Saving the national carrier - a rejoinder


Guwan Seeya has responded to my request to name a single active or retired pilot in Sri Lanka with a professional track record comparable to that of Carsten Sphor, Chairman, and CEO of Lufthansa. He has provided details of an edited example of a CV of an unnamed brother pilot. (‘Saving the national carrier’ - The Island of January 10, 2018).

Details of the edited CV provided contain decades of experience as a pilot, flight instructor, pilot trainer, aircraft accident investigator and work related to civil aviation authority. It is unclear if the Master of Technology qualification from Swinburne University in Australia was a degree course or one of those courses lasting a few weeks. Airline managerial experience is limited to Flight Operations, when pilots divide their time between a part-time desk job and minimum flying time to maintain their flying license.

The owner of the CV does not possess any experience in Finance, Human Resources (divisional and not limited to tech crew), Sales, Marketing, Engineering or any other discipline within or outside the airline industry.

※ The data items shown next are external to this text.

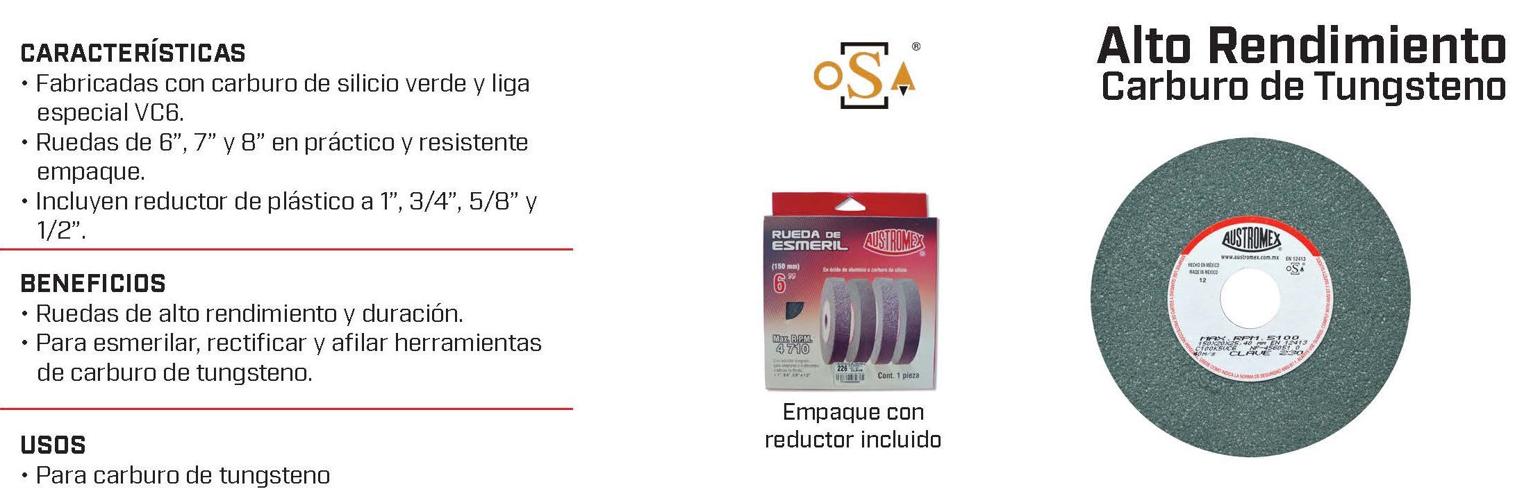 Rueda de esmeril / Alto rendimiento / Carburo de Tungsteno - Austromex
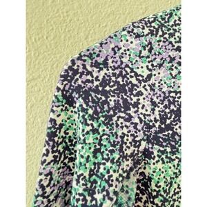 Condition: Pre-owned IBKUL performance shirt in clean, gently worn condition with multicolor abstract print. Fabric, seams, and mesh panels are intact and stretchy, free of stains, holes, or pilling. One small loose thread at the neckline binding as shown; interior printed brand, size, and care information are clear and readable.
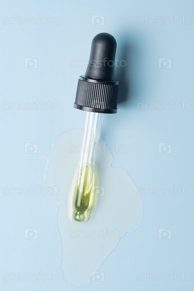 Крупный план пипетки с льющейся жидкой сывороткой и тенями на синем фоне. Модная косметика с жесткими тенями

On the other hand, Sphor, having qualified and worked for several years as a pilot, gave up flying and completed a management training programme at Deutsche Aerospace AG. After that, he spent over 20 years in Central Recruitment, European Regional Partnerships, Alliances and Cooperations, Hub Management, Cabin Crew and HR Affairs and CEO of Lufthansa Cargo, before his promotion as Chairman of the Executive Board and CEO of Lufthansa AG.

I dare say, Sphor would not have been promoted to the top twin positions, had he not given up his flying career and received training, exposure and experience in other areas in the airline business.

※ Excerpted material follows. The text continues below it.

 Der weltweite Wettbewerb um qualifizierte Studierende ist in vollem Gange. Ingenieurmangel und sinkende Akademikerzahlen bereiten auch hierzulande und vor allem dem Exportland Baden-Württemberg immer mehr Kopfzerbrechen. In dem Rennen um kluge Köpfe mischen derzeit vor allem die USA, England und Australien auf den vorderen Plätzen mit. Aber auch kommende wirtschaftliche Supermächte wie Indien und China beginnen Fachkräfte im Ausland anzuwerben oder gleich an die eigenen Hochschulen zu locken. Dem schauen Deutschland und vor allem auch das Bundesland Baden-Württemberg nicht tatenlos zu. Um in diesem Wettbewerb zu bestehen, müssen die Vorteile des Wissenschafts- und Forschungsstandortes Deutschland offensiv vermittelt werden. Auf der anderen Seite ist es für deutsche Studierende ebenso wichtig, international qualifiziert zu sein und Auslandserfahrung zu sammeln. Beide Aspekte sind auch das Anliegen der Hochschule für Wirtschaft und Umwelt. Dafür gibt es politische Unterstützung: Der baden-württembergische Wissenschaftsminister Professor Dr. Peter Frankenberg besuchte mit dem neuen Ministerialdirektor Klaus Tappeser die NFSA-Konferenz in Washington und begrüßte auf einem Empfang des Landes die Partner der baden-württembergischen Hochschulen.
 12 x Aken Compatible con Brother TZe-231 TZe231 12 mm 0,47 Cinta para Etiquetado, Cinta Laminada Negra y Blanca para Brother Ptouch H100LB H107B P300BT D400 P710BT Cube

The proof of the pudding is in the eating of it. Under Sphor’s Chairmanship and direction as CEO, Lufthansa turned in a net profit of Euro 1.78 billion (USD 1.90 billion) in 2016, up 4.6% from the previous year.

There are several ‘baked at home’ pilots with credentials similar to the edited example. One of them left for Singapore after being dismissed for failing to account for thousands of dollars in travel advances taken from Air Lanka. Another joined Singapore Airlines, failed a subsequent half yearly base check, returned home and rejoined SriLankan Airlines after the former Chairman, his school mate, waived the type rating costs applicable to others. Such types generally make disastrous corporate leaders.

Another ‘baked at home’ pilot operated an Air Ceylon flight to Singapore and joined another airline leaving the aircraft and passengers stranded, till another captain was flown from Colombo to operate the flight. Such are the credentials of the worthy, the ‘pilot lobby’, according to him, supposedly managed to ‘have appointed’ to head the national carrier in 1979.

Guwan Seeya points an accusing finger stating "The Administration could have groomed someone for the future. Whether they want to get involved is another story". Pilot remuneration at SriLankan Airlines range between USD 7,500 (beginners) and USD 12,000 (four bar captains) besides around USD 1,000 for meal / flying allowances, per month. At today’s exchange rate it would amount to approximately Rs 1.3 million to Rs 2 million per month, which is what our pilots earn. It does not include the hourly rate paid to pilots between taking off and landing. Would any pilot exchange his flying jacket to a full-time desk job in management earning around Rs 250,000 per month, and embark on a career as done by Sphor?

Ticket prices must essentially cover the cost of the end product. During the first seven years, the national carrier, with a well-trained cabin crew offered a product which could not be sustained with the airline’s cut rate ticket prices. It was compounded by some of the worst management practices. Many such practices as the infamous commission payments for two Tristar L1011-500 aircraft leased to British Airways can be found in the report of the Presidential Commission of Inquiry into the Affairs of Air Lanka Ltd., published in June 1987.

The commissioners recommended criminal proceedings against the Chairman, Board and several senior managers. Since the Board included two top bureaucrats of the day, the government decided to bury the commission report and did not prosecute.

It is not my intention to enter a protracted debate on the subject. Hence, I conclude this exchange with the above comments.